Just so that all you Skillet fans are not filled with wrath, I do think they are an epic band. Remember that Jacob has never heard them before.I must confess that I feel like a monster!!!... Ahem.

Book One: Rise and Fall of an Empire
Chapter Two: A Lone Cloud

“Negotiations aren’t going well.” My sister said sullenly Saturday morning a few days later. None of us really cared about the new discovery and the ensuing legal battle, though I cared a little for her sake. She read all she could about it and gave us the important parts.
“What’s the matter?” I asked before taking a sip of orange-lemonade. I was a notorious juice mixer.

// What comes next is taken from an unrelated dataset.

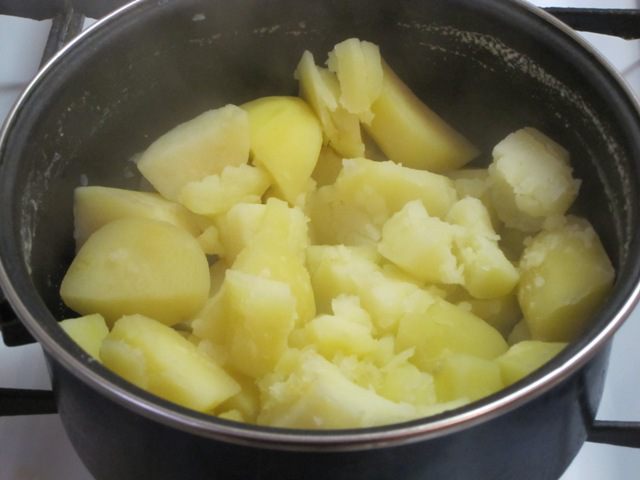 Воду, в которой варился картофель, слить. Картофель обсушить на огне.
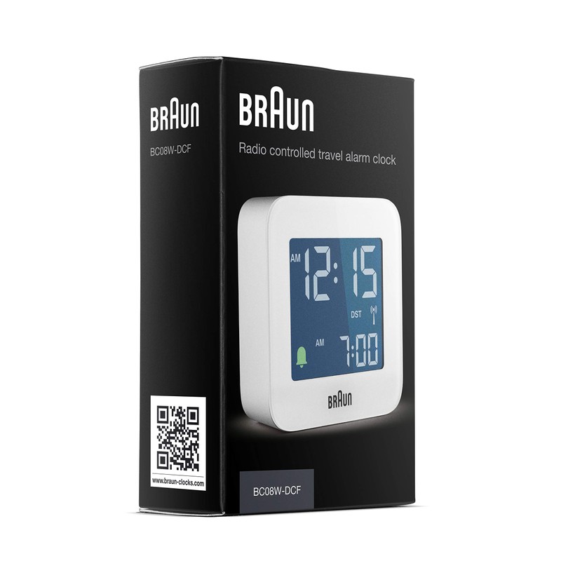 Braun Digitaler Reisewecker Mitteleuropäische Zeitzone (MEZ) mit Schlummerfunktion, kompakte Größe, Negatives LC-Display, Schnelleinstellfunktion, Crescendo-Alarm in Weiß, Modell BC08W-DCF.

“Well…” She closed her eyes to think for a moment, as she often did. “You see, it’s kind of like this: the scientists all want their home country to have exclusive rights to their discovery. Some nations think that they should have the rights because of the funding they provided, while others think that scientist’s contributions should decide who has rights.” She said, opening her eyes.
“Typical UN move.” Father grumbled.
“Why are you eating so fast? No one is going to take it from you.” Mother says, observing my hurried behavior.
“I need to meet Carl to get parts for my robotics class project from the Scrap Yard.” I proceeded to cram HexFlakes into my mouth.
“The Scrap Yard isn’t a charity. You got money?” Asked Mother, pointedly.
“Enough.”
“How you gonna get there?” Mother left nothing to chance.
“Carl’s dad agreed to take us with him when he goes to get parts for his garage.”
“You may go,” She told me as I set my plate on the robotic dishwasher’s conveyor belt, “but remember that your room won’t clean itself.”
The thing I could not possibly have explained to my parents was the necessity of this visit to the Scrap Yard. The components available at the workshop were cheap and designed to be easy to use. This was fine in the class-wide Sumo competition, but you needed something tougher in the brutal school-wide battles. The pieces here might be a little beat-up, but they had stood the test of time.
Usually the winner of the robotics tournament was someone with absurdly rich parents, but this year we belived we had a chance at winning a couple of school-wide matches. Our secret weapon was a diamond-bladed saw Carl got when his Dad replaced it with a solid synthetic diamond one. With it, our entry, dubbed Warlord, would dominate.
Or at least, it would if it had a motor. Some wheels would help, too. We also needed wires and other hardware. On the bottom of the list of necessary components were armor and spikes. (Carl’s dad had plenty of paint lying around.)
I rushed to the door amid frenzied knocking. "Dad's leaving without us if we don't meet him in about two parsecs!" Carl blurted before the door was completely open.
I dashed after him, slamming the door behind me. I called after him as he tore through the halls of the HabiComplex™, "But a parsec is a unit of roughly 3.3 light-years! It's not a measure of time! Carl! Exit is to the left!"
"Whaa?"
"Other left!"
We arrived at the car breathless. Carl's dad was already starting to pull out, and Carl practically killed himself trying to open the door. I buckled my seat belt listening to the driver's maniacal laughter.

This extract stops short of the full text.